> [About this exercise]:
All records are to be reproduced verbatim, with images omitted.

Excerpts from a dataset
────────
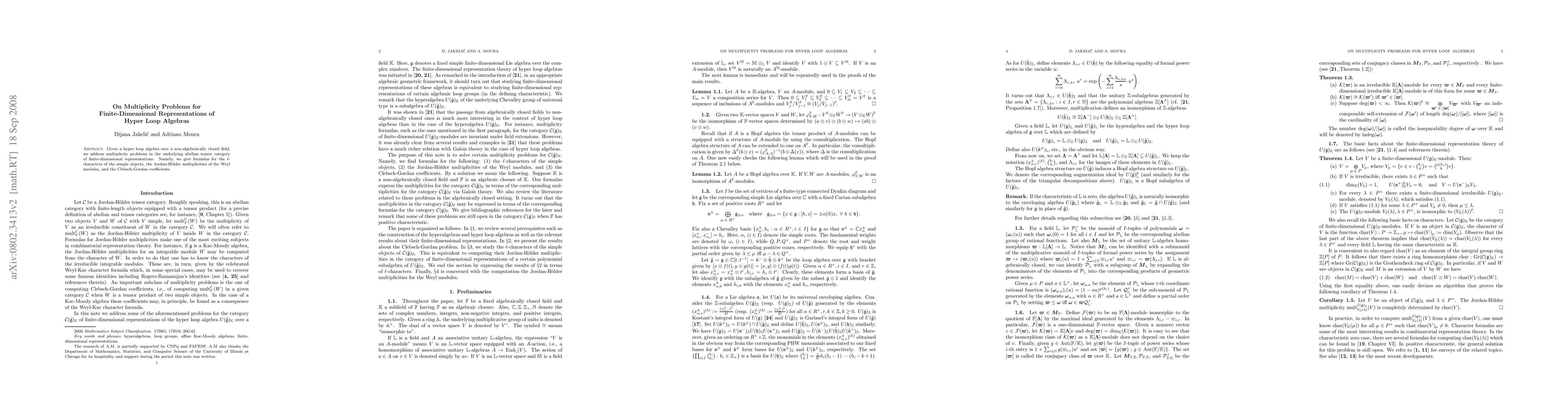 Given a hyper loop algebra over a non-algebraically closed field, we address multiplicity problems in the underlying abelian tensor category of finite-dimensional representations. Namely, we give formulas for the l-characters of the simple objects, the Jordan-Holder multiplicities of the Weyl modules, and the Clebsch-Gordan coefficients.
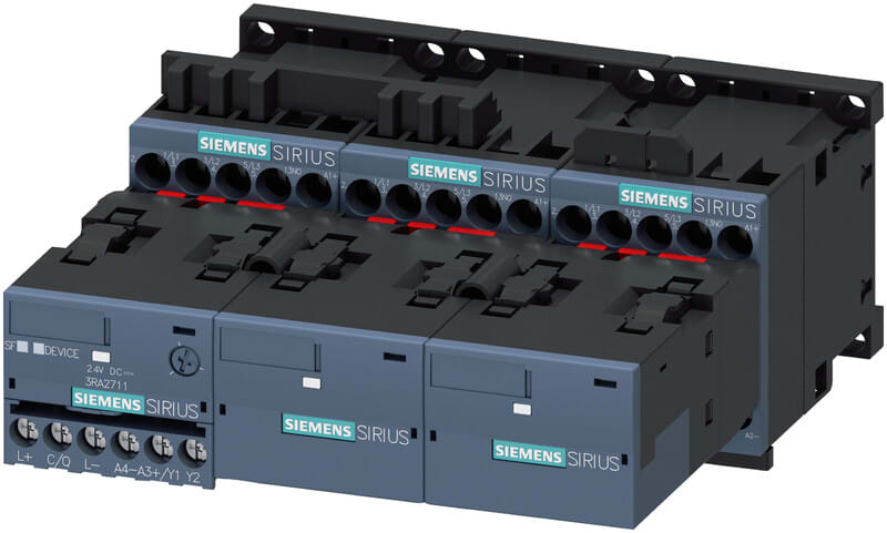 kontaktorikokoonpano tähti-kolmio (wye-delta) käynnistykselle, I/O-Link AC-3, 5,5 kW/400 V, 24 V DC 3-napainen, koko S00; Koko S00, ruuviliittimet sähköinen ja mekaaninen lukitus; 2 NO kosketinta integroituna
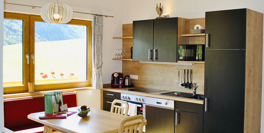 WOHNKÜCHE: E-Herd mit 4 Platten Ceranfeld, Backofen, Mikrowelle, Kühl-Gefrierkombi, Kaffeemaschine Tassimo von Bosch, Kaffeefilteraufsatz mit Thermoskanne, Wasserkocher, Geschirrspüler, Essbereich
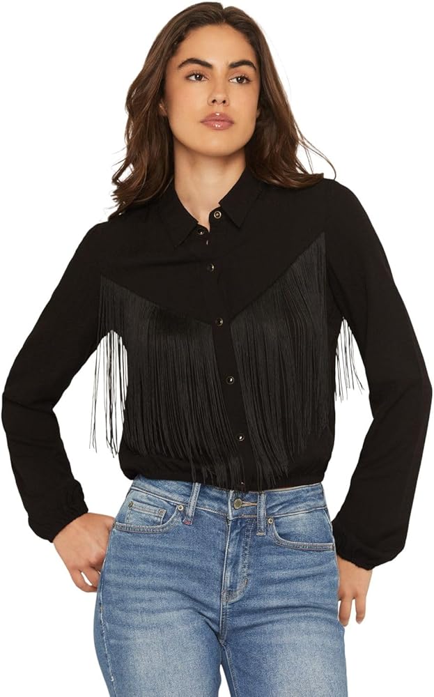 Idyllwind Women's Richfield Fringe Long Sleeve Snap Western Shirt Black Medium US
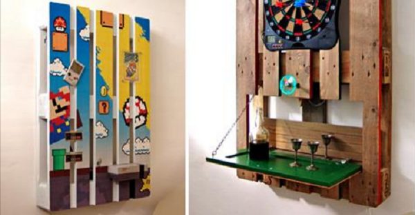 Тут объединены различные полезные и бытовые Нужные вещи, такие как лампы, стерео система, зарядные устройства, усилители, колонки, часы и т.д. Используя обыкновенные деревянные поддоны можно сделать эти многофункциональные, тематические украшения.
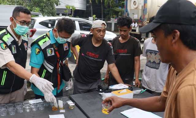 Sebanyak 43 orang pengemudi angkutan baik penumpang maupun barang dilakukan tes urine di dua lokasi.
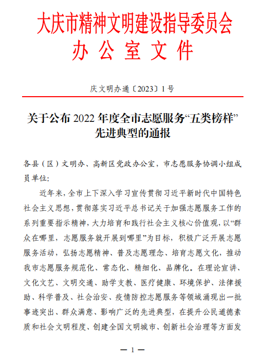 为崇尚先进模范、宣传典型事迹、营造浓厚氛围,激发全民共同参与志愿服务的热情,按照中央文明办、省文明办、市文明委年度工作安排,市文明办在全市组织开展了2022年度志愿服务“五类榜样”先进典型学习宣传活动。经过各县区、各单位广泛发动、择优推荐、综合评审等环节,结合省志愿服务联合会给予的年度嘉许,全市114名志愿者被推选为“优秀志愿者”,公司申贵男老师入选!
────────
> [Response]:
 Given a hyper loop algebra over a non-algebraically closed field, we address multiplicity problems in the underlying abelian tensor category of finite-dimensional representations. Namely, we give formulas for the l-characters of the simple objects, the Jordan-Holder multiplicities of the Weyl modules, and the Clebsch-Gordan coefficients.
 kontaktorikokoonpano tähti-kolmio (wye-delta) käynnistykselle, I/O-Link AC-3, 5,5 kW/400 V, 24 V DC 3-napainen, koko S00; Koko S00, ruuviliittimet sähköinen ja mekaaninen lukitus; 2 NO kosketinta integroituna
 WOHNKÜCHE: E-Herd mit 4 Platten Ceranfeld, Backofen, Mikrowelle, Kühl-Gefrierkombi, Kaffeemaschine Tassimo von Bosch, Kaffeefilteraufsatz mit Thermoskanne, Wasserkocher, Geschirrspüler, Essbereich
 Idyllwind Women's Richfield Fringe Long Sleeve Snap Western Shirt Black Medium US
 Тут объединены различные полезные и бытовые Нужные вещи, такие как лампы, стерео система, зарядные устройства, усилители, колонки, часы и т.д. Используя обыкновенные деревянные поддоны можно сделать эти многофункциональные, тематические украшения.
 Sebanyak 43 orang pengemudi angkutan baik penumpang maupun barang dilakukan tes urine di dua lokasi.
 为崇尚先进模范、宣传典型事迹、营造浓厚氛围,激发全民共同参与志愿服务的热情,按照中央文明办、省文明办、市文明委年度工作安排,市文明办在全市组织开展了2022年度志愿服务“五类榜样”先进典型学习宣传活动。经过各县区、各单位广泛发动、择优推荐、综合评审等环节,结合省志愿服务联合会给予的年度嘉许,全市114名志愿者被推选为“优秀志愿者”,公司申贵男老师入选!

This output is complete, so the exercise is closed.